The solution Shovan provided is not correct. Check the number. It satisfies the 13 criteria only. The following solution contains some critical logical reasoning. Read carefully. If there is any problem, let me know.
The number should be written in the following ways,
- 1. n = 11a + 6
2. n = 13b + 4
3. n = 15c + 9
Our job is to combine all these three to get a single expression for n, from which we can easily determine the smallest possible value.

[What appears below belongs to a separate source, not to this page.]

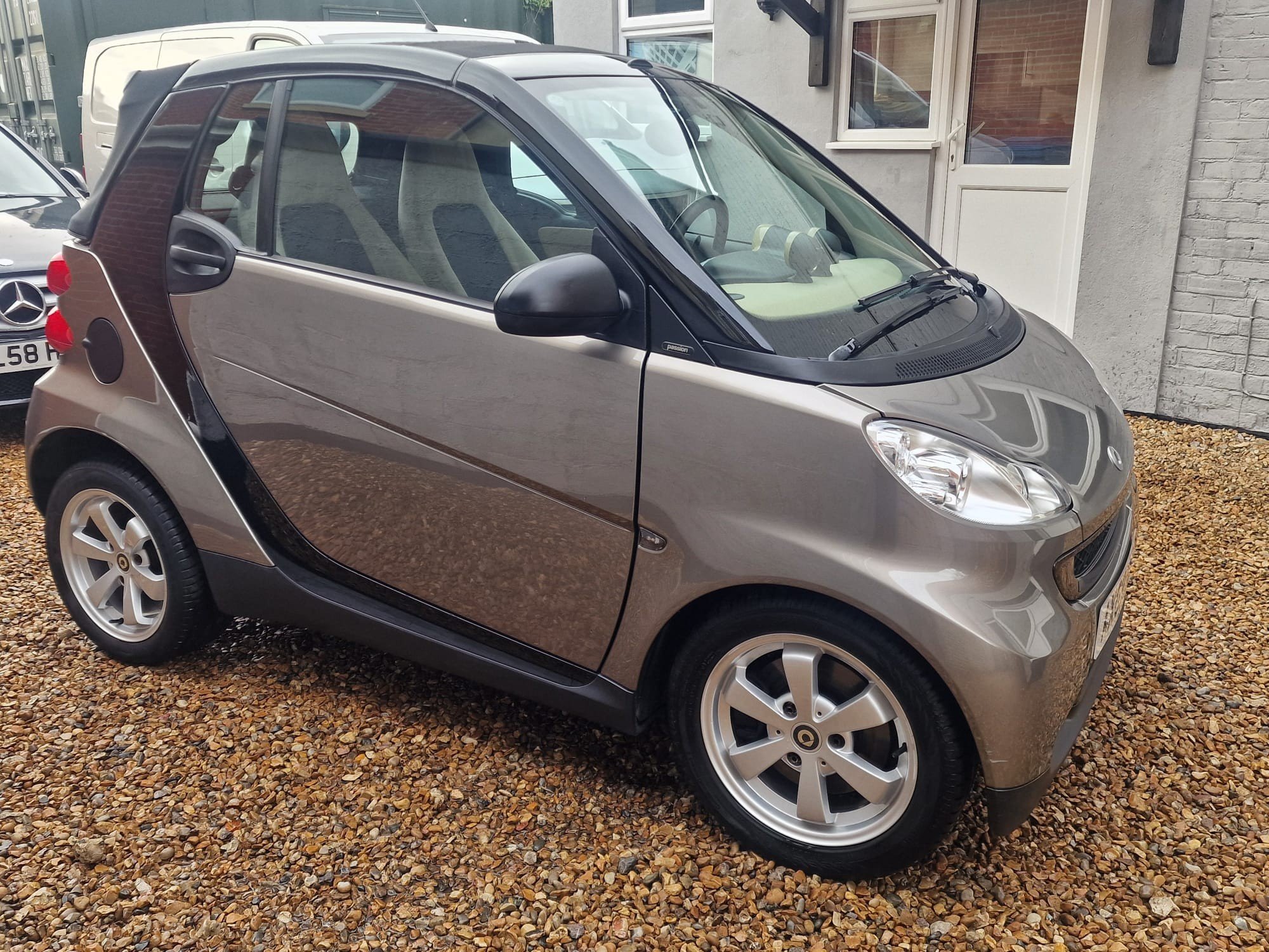 LEFT HAND DRIVE,SMART FOUR TWO PASSION 1.O TURBO CABRIOLET AUTO/PADLESHIFT,COVERED 92606 KMS/57542 MILES WITH A FULL SERVICE HISTORY AND JUST SERVICED WILL BE SOLD WITH 1 YEARS MOT.3 MONTHS WARRANTY. FINISHED IN METALLIC GREY WITH GLOSS BLACK INSERTS,FULL ELECTRIC OPENING CONVERTIBLE ROOF BEIGE INTERIOR, AIRCON, POWER STEERING, CD,HEATED SEATS,REV COUNTER, ELECTRIC WINDOWS, LEATHER WHEEL,REAR HEATED WINDOW,CUP HOLDERS, REAR SHELF,REMOTE LOCKING WITH 2 KEYS, 15 INCH ALLOYS ALL GOOD TYRES,FRONT LED RUNNING LIGHTS SUPERB CAR THROUGHOUT..1 YEAR MOT ,SERVICED, PRE DELIVERY INSPECTION, 3 MONTHS WARRANTY....

Combining first two relation we can say (13b + 4) gives a remainder of 6 when divided by 11. Now, (13b + 4) = 11b + (2b + 4). Hence (2b + 4) also gives a remainder of 6 when divided by 11. Which again implies 2b will give a remainder of (6 - 4) = 2 when divided by 11. Hence b will give a remainder of 1 when divided by 11. Thus, b can be written as (11x + 1) for some non-negative integer x.
Hence, n = 13*(11x + 1) + 4 = (143x + 17)
Now we have to combine this with the third relation. Which clearly implies (143x + 17) will give a remainder of 9 when divided by 15. Now, (143x + 17) = (135x + 8x + 15 + 2) = 15*(9x + 1) + (8x + 2). Hence (8x + 2) also gives a remainder of 9 when divided by 15. Which again implies 8x will give a remainder of (9 - 2) = 7 when divided by 15. Thus, 8x must be of the form (15y + 7) for some non-negative integer y. Note that this means 8 divides (15y + 7) = (8y + 7y + 7) = 8y + 7(y + 1). Again this implies 8 divides 7(y + 1). Now as 8 doesn't divide 7, 8 must divide (y + 1). Thus y) must be of the form (8z + 7) for some non-negative integer z. Hence, 8x = (15y + 7) = 15*(8z + 7) + 7 = (120z + 112) = 8*(15z + 14). hence x is of the form (15z + 14) for some non-negative integer z.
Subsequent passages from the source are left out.